The Warsaw International Mechanism for Loss and Damage Associated with Climate Change Impacts (WIM) was established in 2013, and its Executive Committee (ExCom) is developing a new five-year workplan. Seizing this opportune moment to assess institutional progress on the issue of loss and damage under the United Nations Framework Convention on Climate Change (UNFCCC) we address two research questions: (1) Has the ExCom delivered on its workplans to date, and (2) how has the ExCom’s progress varied across thematic areas? Drawing on public documentary sources, we assess the effectiveness and timeliness of the delivery of activities across five thematic areas: slow onset events; non-economic losses; comprehensive risk management approaches; human mobility; and finance, action and support. We find that there has been progress across the thematic areas, but that it has varied in pace. Delays are associated with activities from the two-year workplan being moved into the first five-year workplan or being devolved to the more recently established expert groups. Our results also show that decisions from the Conference of the Parties (COP) or the COP serving as the Meeting of the Parties to the Paris Agreement (CMA) have played a critical role in accelerating specific aspects of the ExCom’s work. Finally, we note that the ExCom is increasingly relying on its expert groups and their members to deliver many activities.

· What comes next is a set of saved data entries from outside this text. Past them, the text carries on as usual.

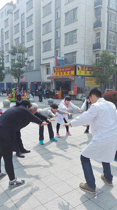 清晨,该院一行人迎着朝阳于上午8:00来到社区,为社区人民测量血压、健康保健指导,并为群众进行按摩和拔罐服务。活动还安排了五禽戏教授,社区群众认真学习并纷纷表示五禽戏对锻炼身体十分有用,要坚持锻炼。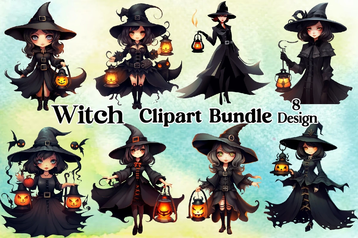 Watercolor Halloween Witch Sublimation Design Bundle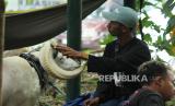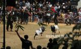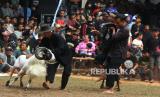 Pemilik domba berupaya memisahkan dombanya saat acara seni ketangkasan domba atau adu domba Wali Kota Bandung Cup 2024 dalam rangka Hari Jadi Kota Bandungari (HJKB) Ke-214, di Lapangan Pamidangan Babakan Siliwangi (Baksil), Kota Bandung, Jawa Barat, Ahad (1/9/2024). Selain menjadi ajang unjuk kebolehan ketangkasan domba Garut sebagai salah satu seni budaya lokal, juga sebagai momen silaturahim Himpunan Peternak Domba dan Kambing Indonesia (HPDKI), serta memberikan kontribusi signifikan terhadap pertumbuhan ekonomi lokal. (FOTO : Edi Yusuf)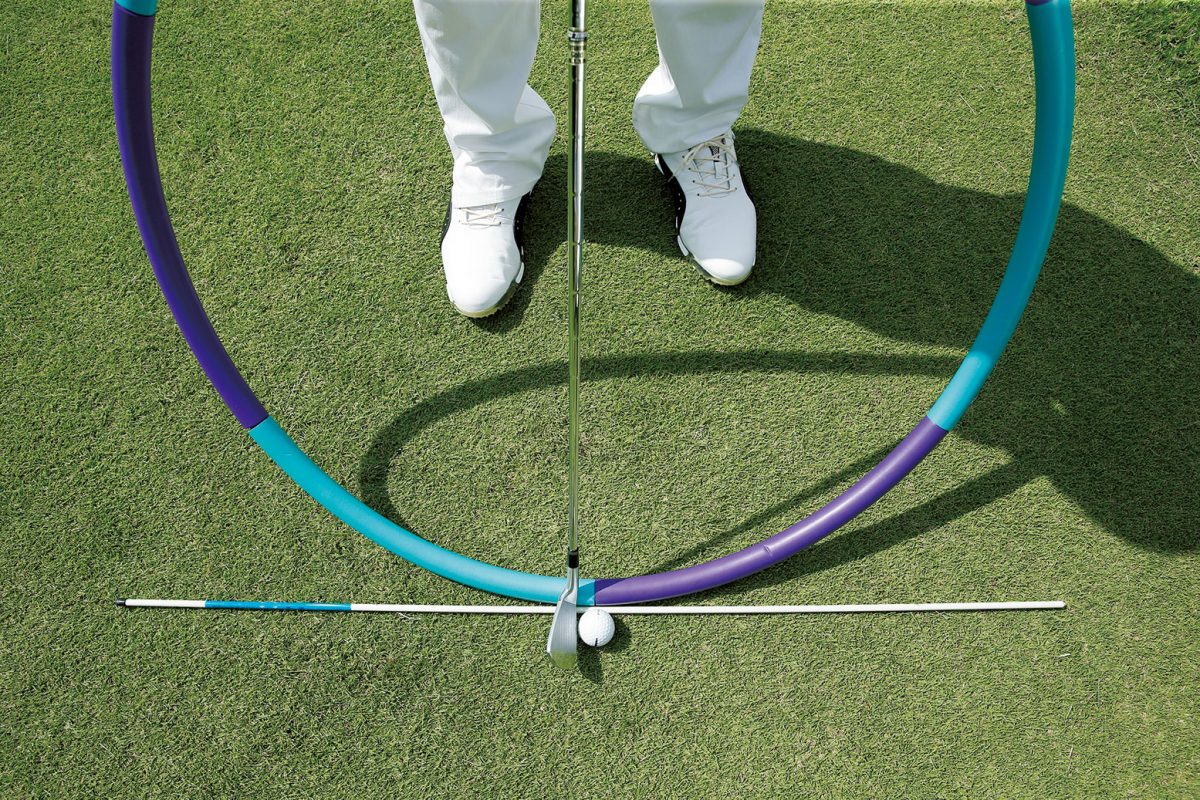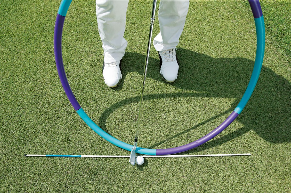 フラフープはスイング軌道を示します。そしてフラフープの青と紫の境目がスイング軌道の最下点です。正しいダウンブローはスイング軌道の最下点の手前でボールをとらえますから、ボールの位置は自分から見て色の境目より少し右側になります。

This research advances our understanding of the nature and pace of progress on this issue, and raises new questions about the politics of global climate policy implementation. KEY POLICY INSIGHTS The WIM ExCom’s workplans are characterized by broad goals and are ambiguous about start dates and deadlines. To enhance accountability, future workplans would benefit from clearly defined objectives, outcomes, and timelines. The workplans do not seem to constitute strong commitments: Parties make use of COP/CMA decisions to strengthen the workplans by mandating specific activities or deadlines, adding new activities and prioritizing among existing ones. The politics of implementation merits greater attention: wider political dynamics around loss and damage shape the pace of the ExCom’s supposedly technical work. One example is the delayed establishment of the expert group on action and support.

Type: Article
Title: Evaluating progress on loss and damage: an assessment of the Executive Committee of the Warsaw International Mechanism under the UNFCCC
Open access status: An open access version is available from UCL Discovery
DOI: 10.1080/14693062.2022.2112935
Publisher version: http://dx.doi.org/10.1080/14693062.2022.2112935
Language: English
Additional information: © 2022 The Author(s). Published by Informa UK Limited, trading as Taylor & Francis Group This is an Open Access article distributed under the terms of the Creative Commons Attribution-NonCommercial-NoDerivatives License (http://creativecommons.org/licenses/by-nc-nd/4.0/), which permits non-commercial re-use, distribution, and reproduction in any medium, provided the original work is properly cited, and is not altered, transformed, or built upon in any way.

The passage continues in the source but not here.